═══ MATERIAL FOR THE TASK
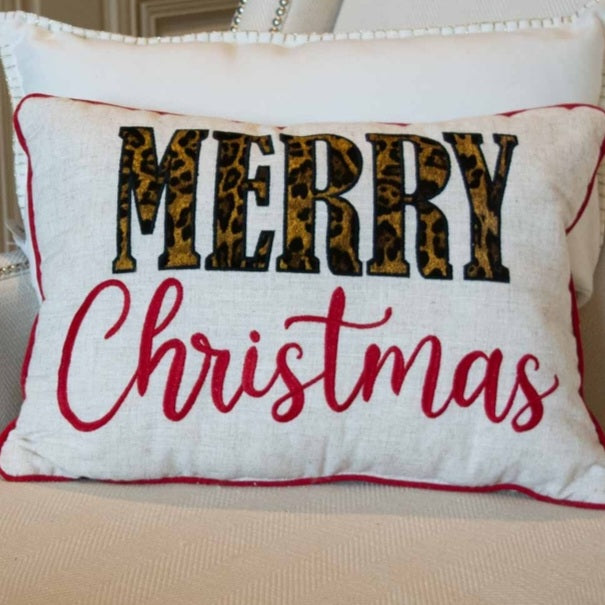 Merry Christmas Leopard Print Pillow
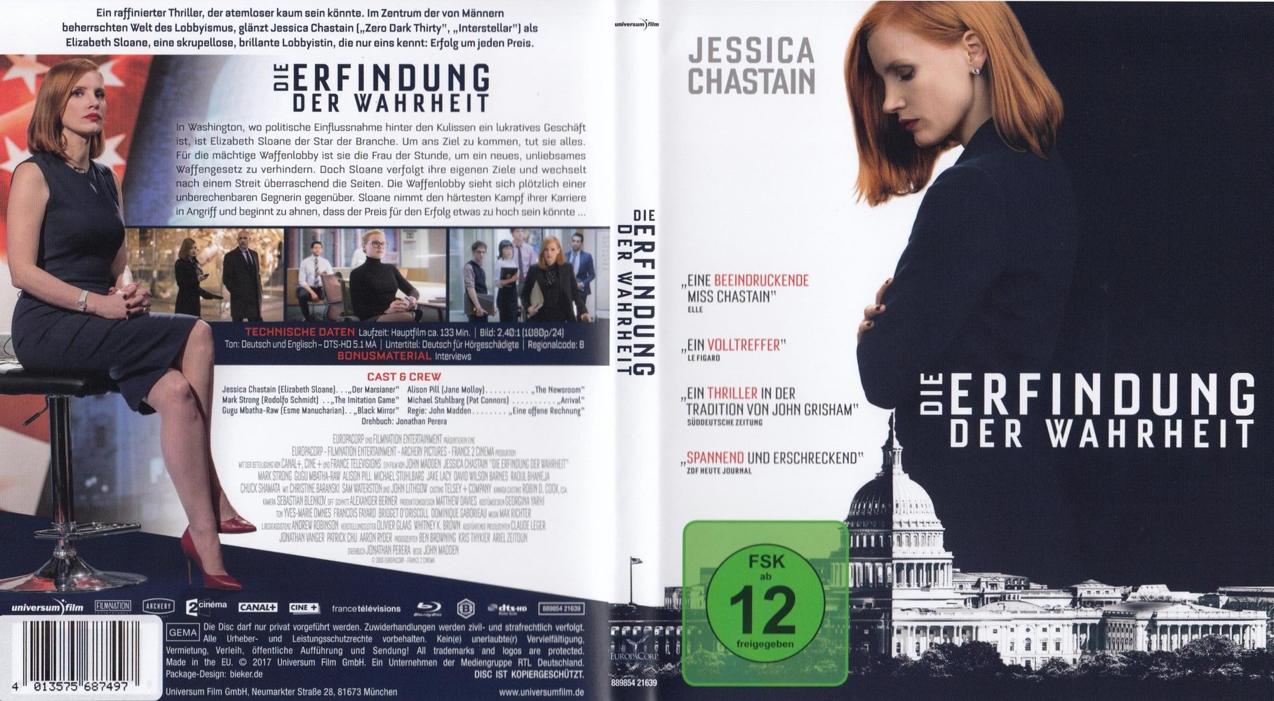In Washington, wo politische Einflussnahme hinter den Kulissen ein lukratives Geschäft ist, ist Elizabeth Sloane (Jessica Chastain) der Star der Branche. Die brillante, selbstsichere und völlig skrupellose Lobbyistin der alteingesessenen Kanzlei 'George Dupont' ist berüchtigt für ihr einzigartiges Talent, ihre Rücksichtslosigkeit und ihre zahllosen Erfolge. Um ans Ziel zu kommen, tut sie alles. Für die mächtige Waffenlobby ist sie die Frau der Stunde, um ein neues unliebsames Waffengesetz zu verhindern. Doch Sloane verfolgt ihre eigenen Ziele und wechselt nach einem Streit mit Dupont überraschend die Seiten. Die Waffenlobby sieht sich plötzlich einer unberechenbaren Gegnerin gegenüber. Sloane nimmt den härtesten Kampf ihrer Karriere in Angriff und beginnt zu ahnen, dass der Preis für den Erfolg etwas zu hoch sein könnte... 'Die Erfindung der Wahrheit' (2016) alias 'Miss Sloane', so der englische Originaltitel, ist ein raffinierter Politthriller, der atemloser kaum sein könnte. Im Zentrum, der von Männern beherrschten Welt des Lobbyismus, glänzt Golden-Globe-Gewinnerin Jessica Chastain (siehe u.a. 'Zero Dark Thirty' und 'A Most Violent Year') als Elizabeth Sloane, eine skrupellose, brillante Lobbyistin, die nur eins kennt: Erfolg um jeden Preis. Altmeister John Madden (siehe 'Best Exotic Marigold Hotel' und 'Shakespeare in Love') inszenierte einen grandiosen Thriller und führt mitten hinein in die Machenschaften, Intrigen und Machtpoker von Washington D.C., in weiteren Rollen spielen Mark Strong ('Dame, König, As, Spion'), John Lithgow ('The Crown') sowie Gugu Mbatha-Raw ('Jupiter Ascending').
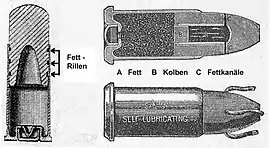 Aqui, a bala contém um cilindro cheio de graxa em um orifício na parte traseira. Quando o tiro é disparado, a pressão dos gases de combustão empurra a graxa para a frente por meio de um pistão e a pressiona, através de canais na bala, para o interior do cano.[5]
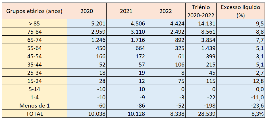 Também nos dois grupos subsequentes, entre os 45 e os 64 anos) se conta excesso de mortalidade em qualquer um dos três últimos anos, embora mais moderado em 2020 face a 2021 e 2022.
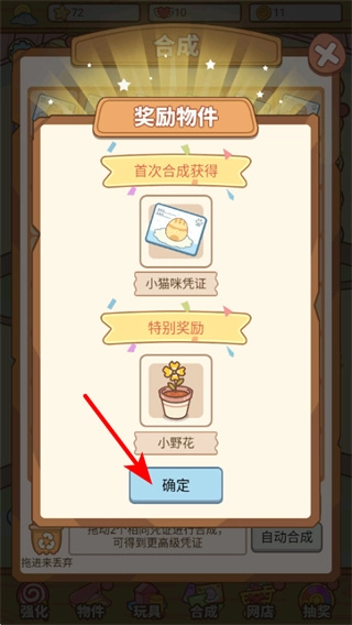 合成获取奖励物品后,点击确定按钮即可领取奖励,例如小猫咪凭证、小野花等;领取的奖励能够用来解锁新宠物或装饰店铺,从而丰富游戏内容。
══════
═══ MATERIAL FOR THE TASK
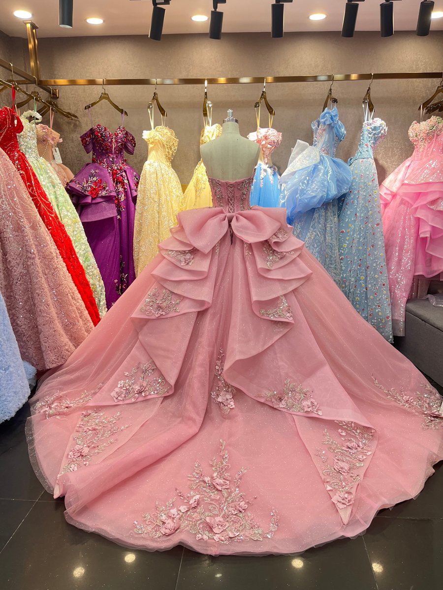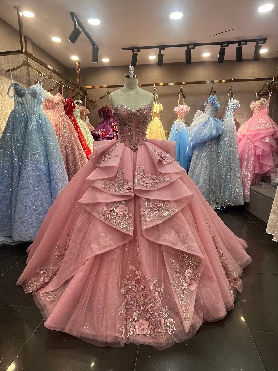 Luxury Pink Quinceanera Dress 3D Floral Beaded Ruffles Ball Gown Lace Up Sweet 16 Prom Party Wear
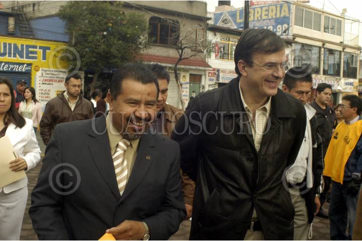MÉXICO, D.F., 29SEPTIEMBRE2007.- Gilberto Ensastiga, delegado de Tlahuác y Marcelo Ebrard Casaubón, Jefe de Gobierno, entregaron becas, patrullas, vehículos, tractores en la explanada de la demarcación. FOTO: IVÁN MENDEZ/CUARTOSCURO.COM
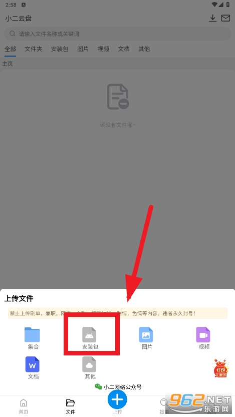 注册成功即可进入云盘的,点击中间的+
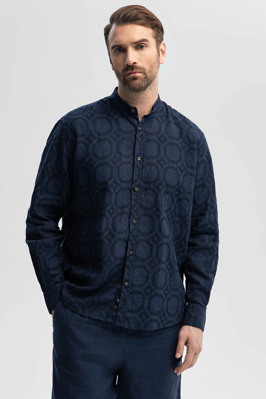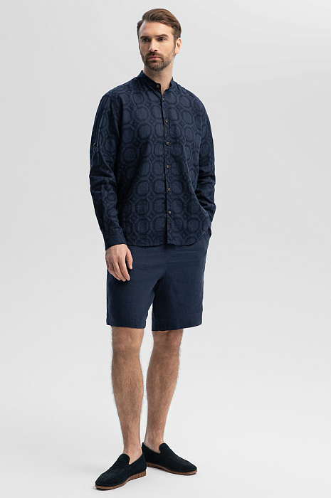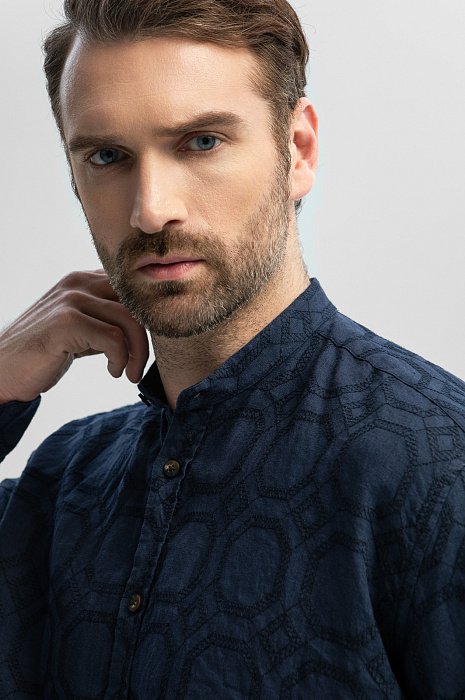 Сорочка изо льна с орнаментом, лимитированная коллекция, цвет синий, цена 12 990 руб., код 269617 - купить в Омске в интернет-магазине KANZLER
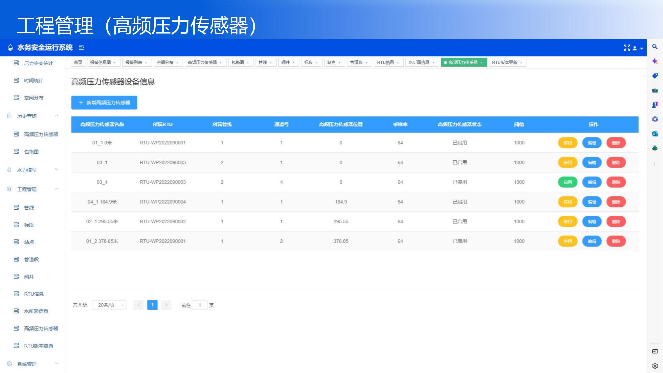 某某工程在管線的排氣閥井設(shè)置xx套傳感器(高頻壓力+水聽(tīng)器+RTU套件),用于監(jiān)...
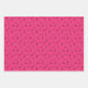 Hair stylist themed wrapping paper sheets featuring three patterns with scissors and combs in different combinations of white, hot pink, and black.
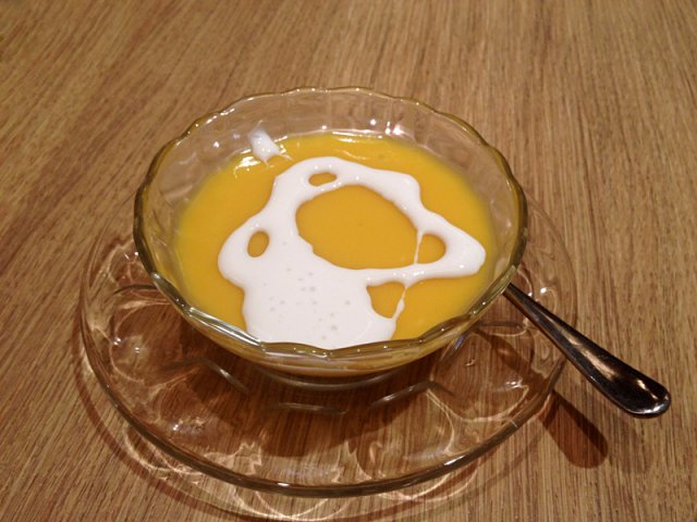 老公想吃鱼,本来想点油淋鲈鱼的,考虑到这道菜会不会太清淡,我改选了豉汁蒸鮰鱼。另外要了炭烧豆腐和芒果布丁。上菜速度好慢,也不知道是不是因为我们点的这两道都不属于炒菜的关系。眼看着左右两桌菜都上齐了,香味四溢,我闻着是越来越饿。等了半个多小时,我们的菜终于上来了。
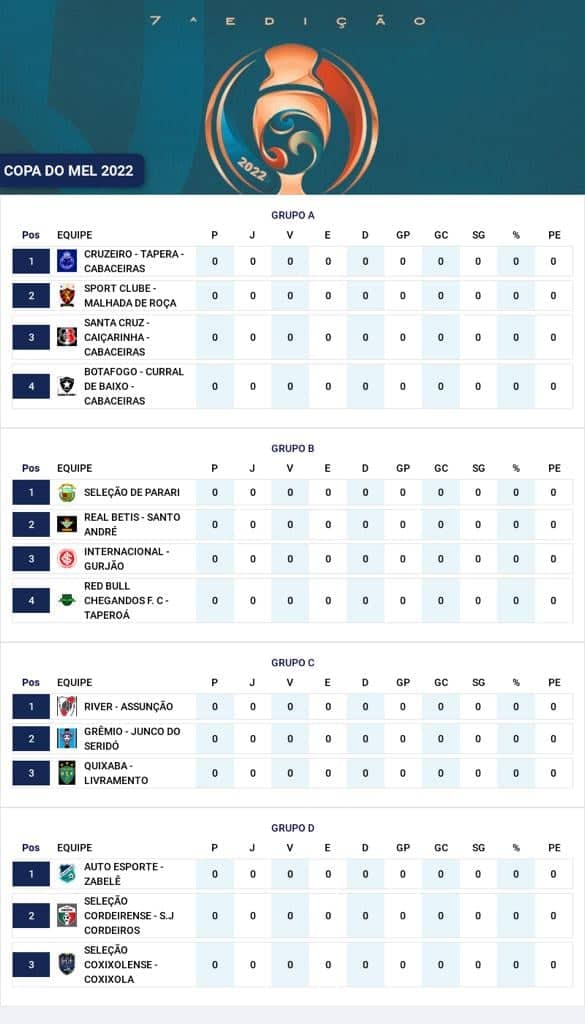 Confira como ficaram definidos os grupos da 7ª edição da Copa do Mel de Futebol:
══════
═══ MATERIAL FOR THE TASK
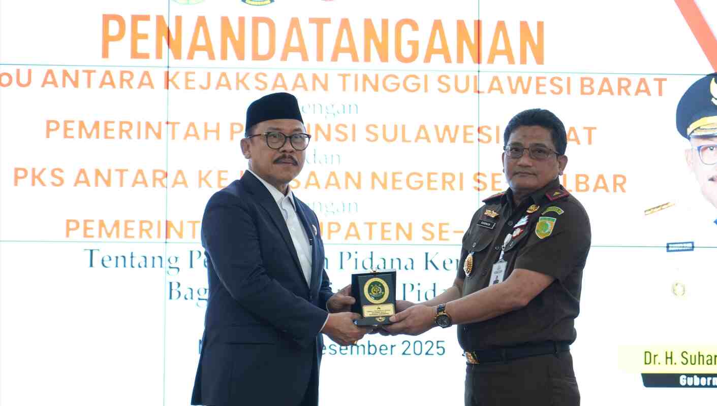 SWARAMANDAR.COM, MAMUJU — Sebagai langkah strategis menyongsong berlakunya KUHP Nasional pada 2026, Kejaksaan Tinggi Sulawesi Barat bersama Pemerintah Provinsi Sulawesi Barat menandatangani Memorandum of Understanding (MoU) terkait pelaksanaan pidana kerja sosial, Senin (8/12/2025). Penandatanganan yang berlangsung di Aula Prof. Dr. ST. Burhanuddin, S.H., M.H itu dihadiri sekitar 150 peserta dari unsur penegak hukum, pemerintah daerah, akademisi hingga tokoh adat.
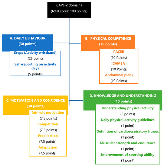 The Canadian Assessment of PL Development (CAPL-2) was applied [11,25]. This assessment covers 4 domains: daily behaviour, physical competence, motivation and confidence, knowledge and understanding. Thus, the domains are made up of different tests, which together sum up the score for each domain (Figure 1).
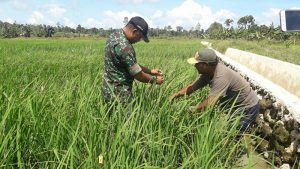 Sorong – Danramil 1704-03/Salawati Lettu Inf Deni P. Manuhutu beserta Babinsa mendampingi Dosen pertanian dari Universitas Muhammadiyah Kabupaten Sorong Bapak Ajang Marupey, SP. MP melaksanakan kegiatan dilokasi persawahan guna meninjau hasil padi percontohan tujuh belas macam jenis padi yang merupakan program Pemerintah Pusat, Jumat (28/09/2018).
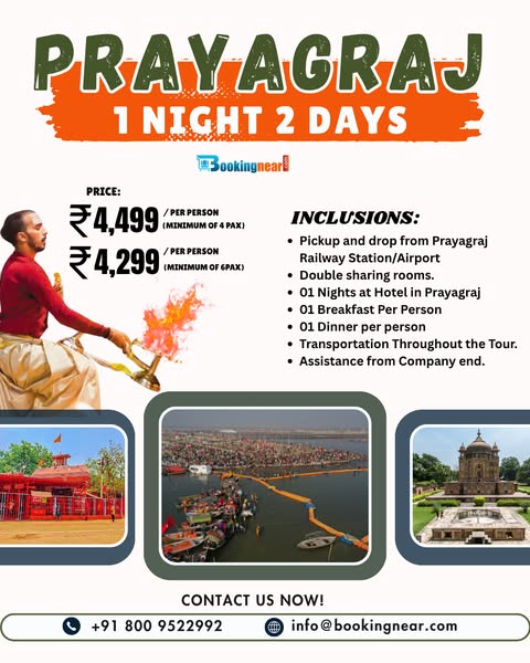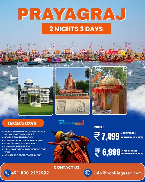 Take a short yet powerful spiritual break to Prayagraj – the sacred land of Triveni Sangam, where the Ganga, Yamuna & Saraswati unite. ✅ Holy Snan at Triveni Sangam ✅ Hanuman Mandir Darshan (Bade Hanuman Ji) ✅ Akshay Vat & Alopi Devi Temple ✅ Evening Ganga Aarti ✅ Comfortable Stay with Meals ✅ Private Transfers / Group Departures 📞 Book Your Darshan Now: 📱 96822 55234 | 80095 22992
══════
▸ **EXERCISE PROMPT**: Reproduce exactly the lines above that run from the one with "Também nos dois" to the one with "合成获取奖励物品后,点击确定", both included, leaving pictures out.

▸ **SOLUTION TO THIS TASK**:
 Também nos dois grupos subsequentes, entre os 45 e os 64 anos) se conta excesso de mortalidade em qualquer um dos três últimos anos, embora mais moderado em 2020 face a 2021 e 2022.
 合成获取奖励物品后,点击确定按钮即可领取奖励,例如小猫咪凭证、小野花等;领取的奖励能够用来解锁新宠物或装饰店铺,从而丰富游戏内容。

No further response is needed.